Как Бог свят! Сталинград притягивал к себе немецкие войска, как магнит, и его захват имел для Гитлера огромное психологическое и даже мистическое значение. Фюрер был просто одержим этой мыслью.
Точно так же и для Иосифа Сталина удержание этого города стало наиглавнейшей задачей. Он требовал, что бы город был удержан любой ценой. Тем более, что он прекрасно сознавал – в случае потери Сталинграда – Москва окажется открытой и уязвимой для фашистского удара с юга.
* * *
…Нестерпимый зной нарастал. Чёрт знает, сколько было градусов, но столбик термометра явно зашкаливал, не рассчитанный на такую жару. Полуденный зной был непрерывен, безнадёжно ровен и глубок. Тяжёлый рокот моторов и неровный топот ног людских и лошадиных, захлёбистое ржание последних и монотонный скрежет железных колёс, дробящих мелкий камень в муку, тяжёлое, надорванное дыхание, безостановочно текущих за горизонт солдатских колонн, – сводило с ума и казалось диким вымыслом, тяжёлым бредом обезумевшей от войны земли.
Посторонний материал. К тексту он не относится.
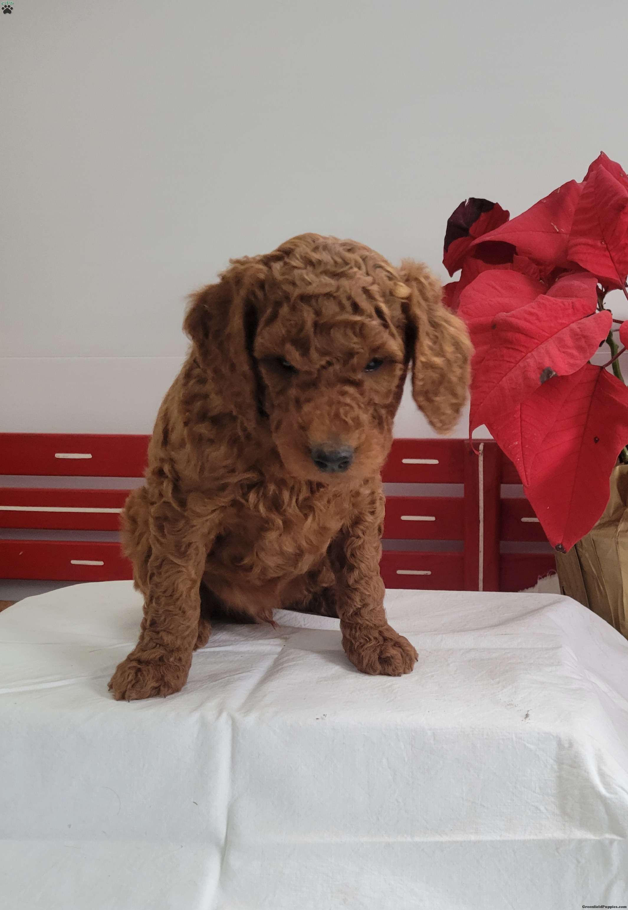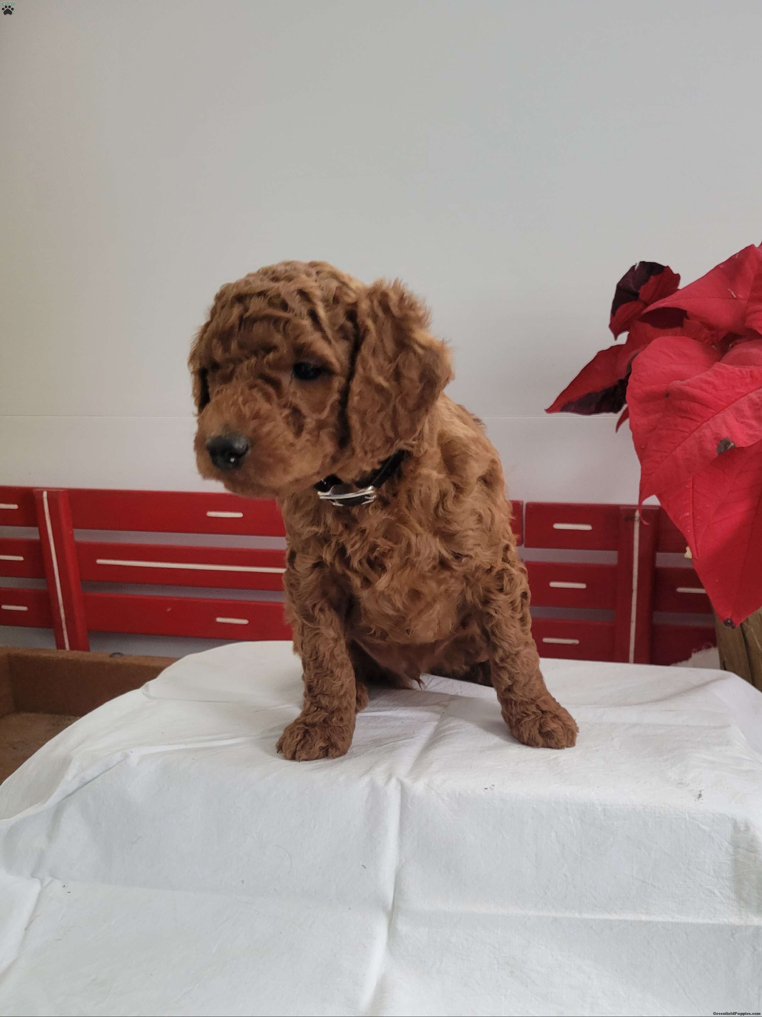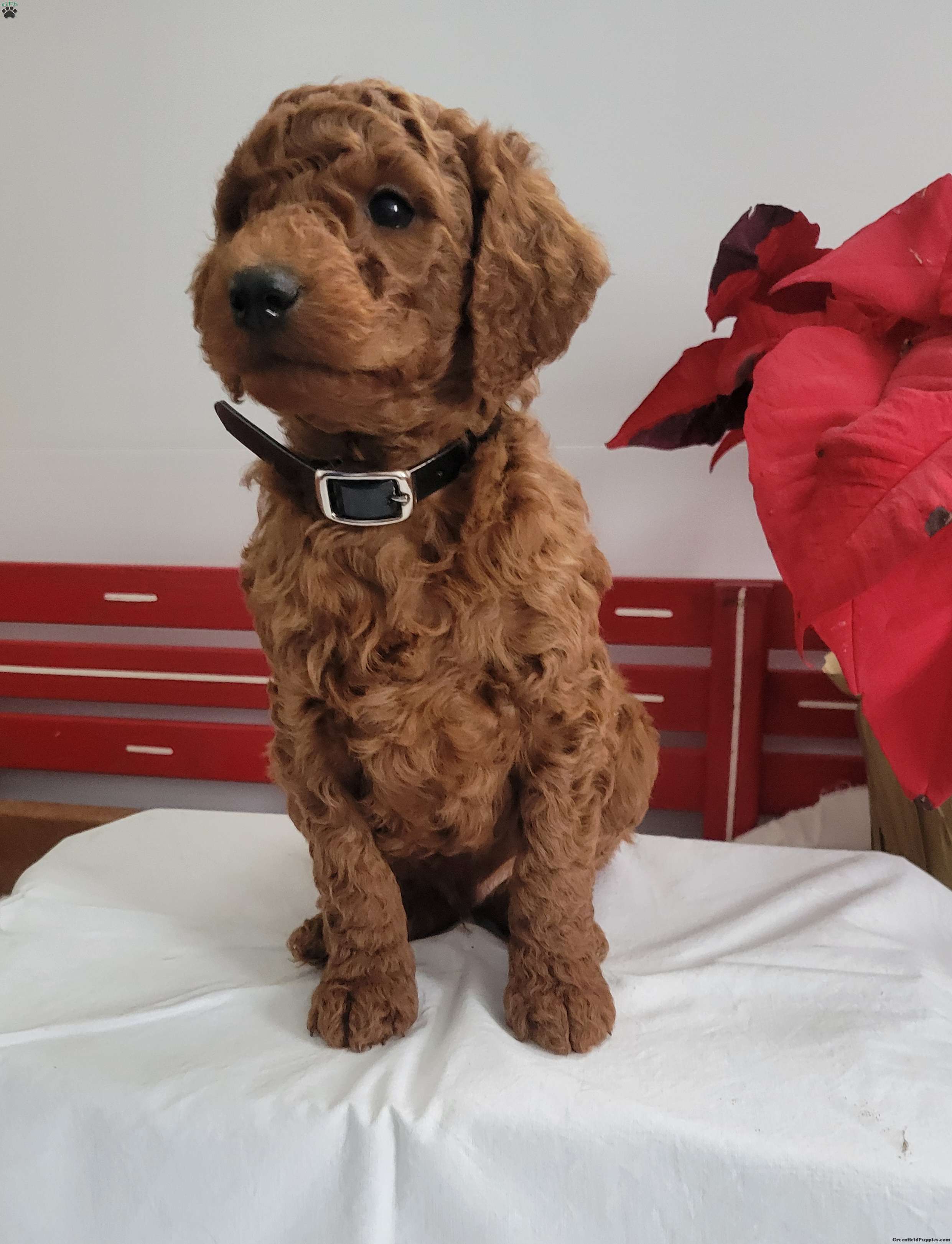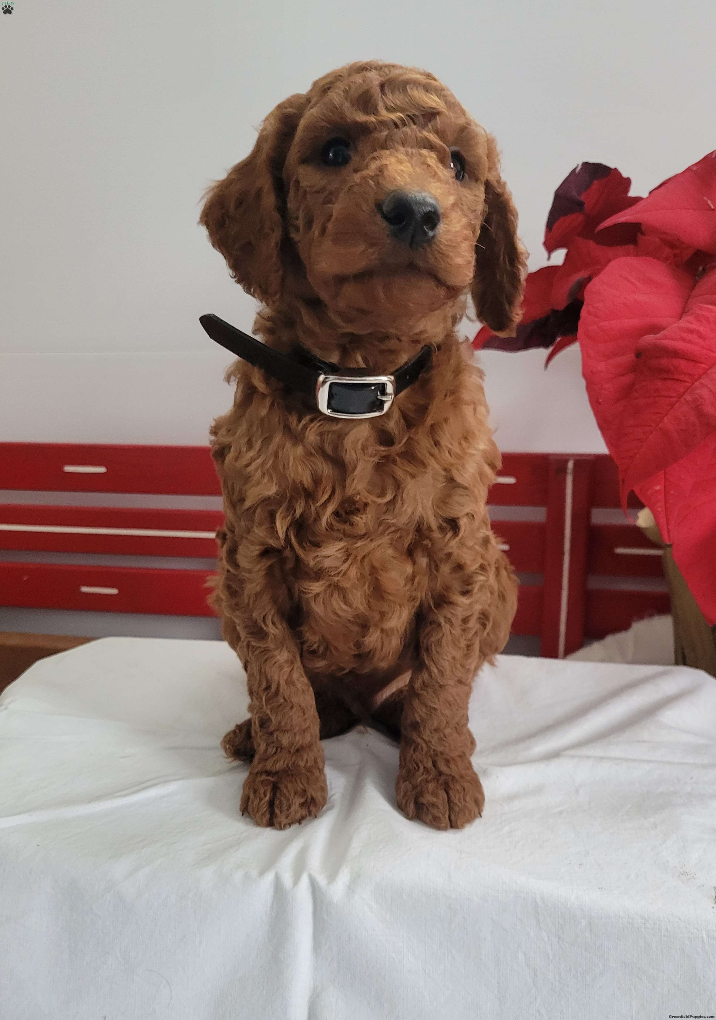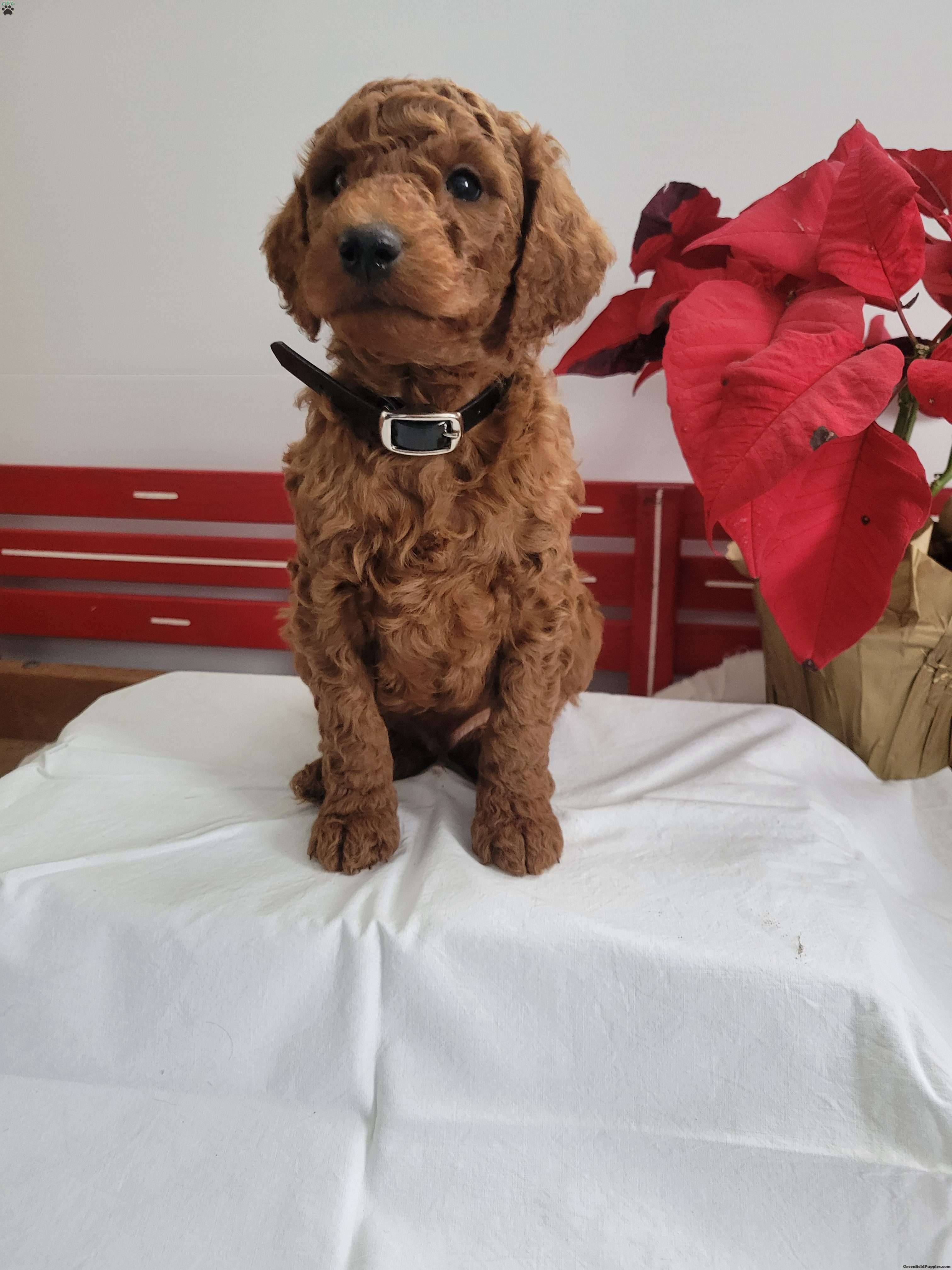 Reggie is a friendly, outgoing pup with a sweet temperament and playful personality. He was born on 01/01/2026. His dam is Rosie, an 18lb AKC registered miniature poodle who loves attention, and his sire is Clifford an 18 lb AKC-registered miniature poodle. Reggie can be AKC registered.
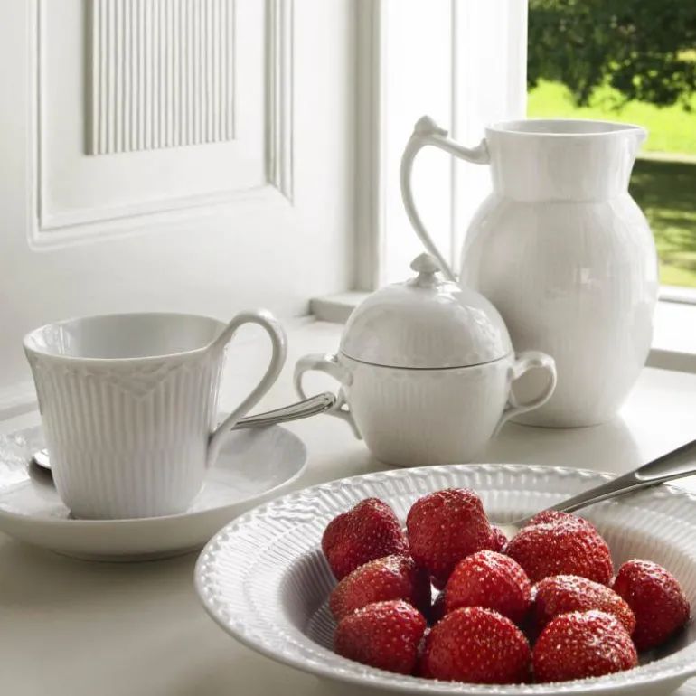 Royal Copenhagen Hvit Riflet har 2 års bruddgaranti og tåler oppvaskmaskin og mikrobølgeovn.
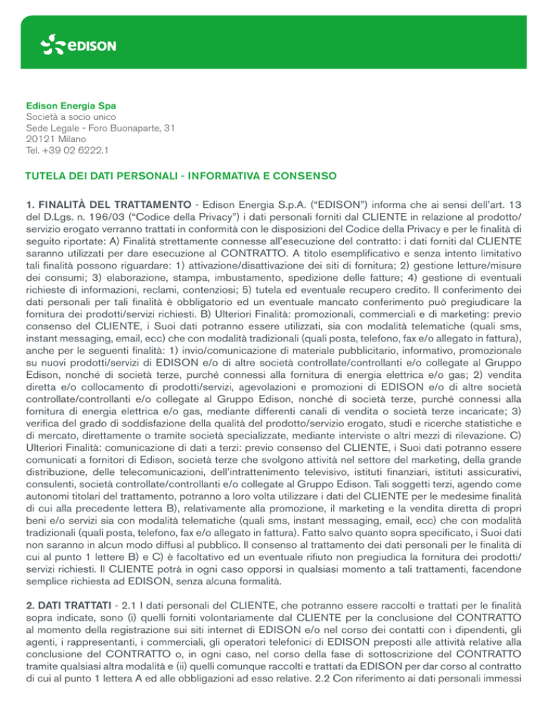 Edison Energia Spa Società a socio unico Sede Legale - Foro Buonaparte, 31 20121 Milano Tel. +39 02 6222.1 TUTELA DEI DATI PERSONALI - INFORMATIVA E CONSENSO 1. FINALITÀ DEL TRATTAMENTO - Edison Energia S.p.A. (“EDISON”) informa che ai sensi dell’art. 13 del D.Lgs. n. 196/03 (“Codice della Privacy”) i dati personali forniti dal CLIENTE in relazione al prodotto/ servizio erogato verranno trattati in conformità con le disposizioni del Codice della Privacy e per le finalità di seguito riportate: A) Finalità strettamente connesse all’esecuzione del contratto: i dati forniti dal CLIENTE saranno utilizzati per dare esecuzione al CONTRATTO. A titolo esemplificativo e senza intento limitativo tali finalità possono riguardare: 1) attivazione/disattivazione dei siti di fornitura; 2) gestione letture/misure dei consumi; 3) elaborazione, stampa, imbustamento, spedizione delle fatture; 4) gestione di eventuali richieste di informazioni, reclami, contenziosi; 5) tutela ed eventuale recupero credito. Il conferimento dei dati personali per tali finalità è obbligatorio ed un eventuale mancato conferimento può pregiudicare la fornitura dei prodotti/servizi richiesti. B) Ulteriori Finalità: promozionali, commerciali e di marketing: previo consenso del CLIENTE, i Suoi dati potranno essere utilizzati, sia con modalità telematiche (quali sms, instant messaging, email, ecc) che con modalità tradizionali (quali posta, telefono, fax e/o allegato in fattura), anche per le seguenti finalità: 1) invio/comunicazione di materiale pubblicitario, informativo, promozionale su nuovi prodotti/servizi di EDISON e/o di altre società controllate/controllanti e/o collegate al Gruppo Edison, nonché di società terze, purché connessi alla fornitura di energia elettrica e/o gas; 2) vendita diretta e/o collocamento di prodotti/servizi, agevolazioni e promozioni di EDISON e/o di altre società controllate/controllanti e/o collegate al Gruppo Edison, nonché di società terze, purché connessi alla fornitura di energia elettrica e/o gas, mediante differenti canali di vendita o società terze incaricate; 3) verifica del grado di soddisfazione della qualità del prodotto/servizio erogato, studi e ricerche statistiche e di mercato, direttamente o tramite società specializzate, mediante interviste o altri mezzi di rilevazione. C) Ulteriori Finalità: comunicazione di dati a terzi: previo consenso del CLIENTE, i Suoi dati potranno essere comunicati a fornitori di Edison, società terze che svolgono attività nel settore del marketing, della grande distribuzione, delle telecomunicazioni, dell’intrattenimento televisivo, istituti finanziari, istituti assicurativi, consulenti, società controllate/controllanti e/o collegate al Gruppo Edison. Tali soggetti terzi, agendo come autonomi titolari del trattamento, potranno a loro volta utilizzare i dati del CLIENTE per le medesime finalità di cui alla precedente lettera B), relativamente alla promozione, il marketing e la vendita diretta di propri beni e/o servizi sia con modalità telematiche (quali sms, instant messaging, email, ecc) che con modalità tradizionali (quali posta, telefono, fax e/o allegato in fattura). Fatto salvo quanto sopra specificato, i Suoi dati non saranno in alcun modo diffusi al pubblico. Il consenso al trattamento dei dati personali per le finalità di cui al punto 1 lettere B) e C) è facoltativo ed un eventuale rifiuto non pregiudica la fornitura dei prodotti/ servizi richiesti. Il CLIENTE potrà in ogni caso opporsi in qualsiasi momento a tali trattamenti, facendone semplice richiesta ad EDISON, senza alcuna formalità. 2. DATI TRATTATI - 2.1 I dati personali del CLIENTE, che potranno essere raccolti e trattati per le finalità sopra indicate, sono (i) quelli forniti volontariamente dal CLIENTE per la conclusione del CONTRATTO al momento della registrazione sui siti internet di EDISON e/o nel corso dei contatti con i dipendenti, gli agenti, i rappresentanti, i commerciali, gli operatori telefonici di EDISON preposti alle attività relative alla conclusione del CONTRATTO o, in ogni caso, nel corso della fase di sottoscrizione del CONTRATTO tramite qualsiasi altra modalità e (ii) quelli comunque raccolti e trattati da EDISON per dar corso al contratto di cui al punto 1 lettera A ed alle obbligazioni ad esso relative. 2.2 Con riferimento ai dati personali immessi sui formulari presenti sui siti Internet di EDISON, EDISON informa che, qualora il CLIENTE non porti a termine la procedura di registrazione, tali dati saranno utilizzati da EDISON al fine esclusivo di ricontattare il CLIENTE per invitarlo a portare a termine la procedura interrotta e fornire istruzioni operative. 3. MODALITÀ DI TRATTAMENTO DEI DATI - Il trattamento avviene prevalentemente con l’ausilio di strumenti informatici/telematici o, se necessario, con procedure manuali ed in ogni caso con l’adozione delle precauzioni e cautele atte ad evitare l’uso improprio o l’indebita diffusione dei dati stessi. I dati saranno trattati dai dipendenti di EDISON designati “Incaricati del trattamento” che hanno ricevuto adeguate istruzioni operative. Alcuni trattamenti dei dati potranno essere altresì effettuati sia da personale di società controllate/controllanti/collegate al Gruppo Edison sia da soggetti terzi ai quali EDISON affida talune attività per le finalità elencate al punto 1 lettera A) e, previo consenso del CLIENTE, per le ulteriori finalità di cui al punto 1 lettera B). I dati saranno prevalentemente trattati in Italia e comunque in stati facenti parte dell’Unione Europea, tuttavia alcune attività di trattamento potrebbero essere svolte in paesi non facenti parte dell’Unione Europea, garantendo in ogni caso i necessari standard di protezione e tutela richiesti dalla normativa. Il consenso del CLIENTE riguarderà pertanto anche l’attività e il trattamento svolti dai suddetti soggetti. In tal caso gli stessi soggetti opereranno in qualità di “Res

Раскалённый воздух дрожал, и беззвучно, точно готовые потечь, дрожали камни; и дальние ряды пехоты на дуговатом подъёме, орудия и лошади, танки, грузовики и повозки, казалось, отделялись от тверди и беззвучно плазменно колыхались – словно не живые – то шли полки, а армия бесплотных теней. Огромное, близкое, страшное солнце на каждом стволе орудий, винтовок и миномётов, на скошенной броне танков и самоходок, на каждой металлической пряжке и пуговице зажгло тысячи крохотных ослепительных солнц, и они отовсюду, с фронта и флангов, снизу и тыла забирались в глаза, огненно-белые, острые, как концы добела раскалённых штыков.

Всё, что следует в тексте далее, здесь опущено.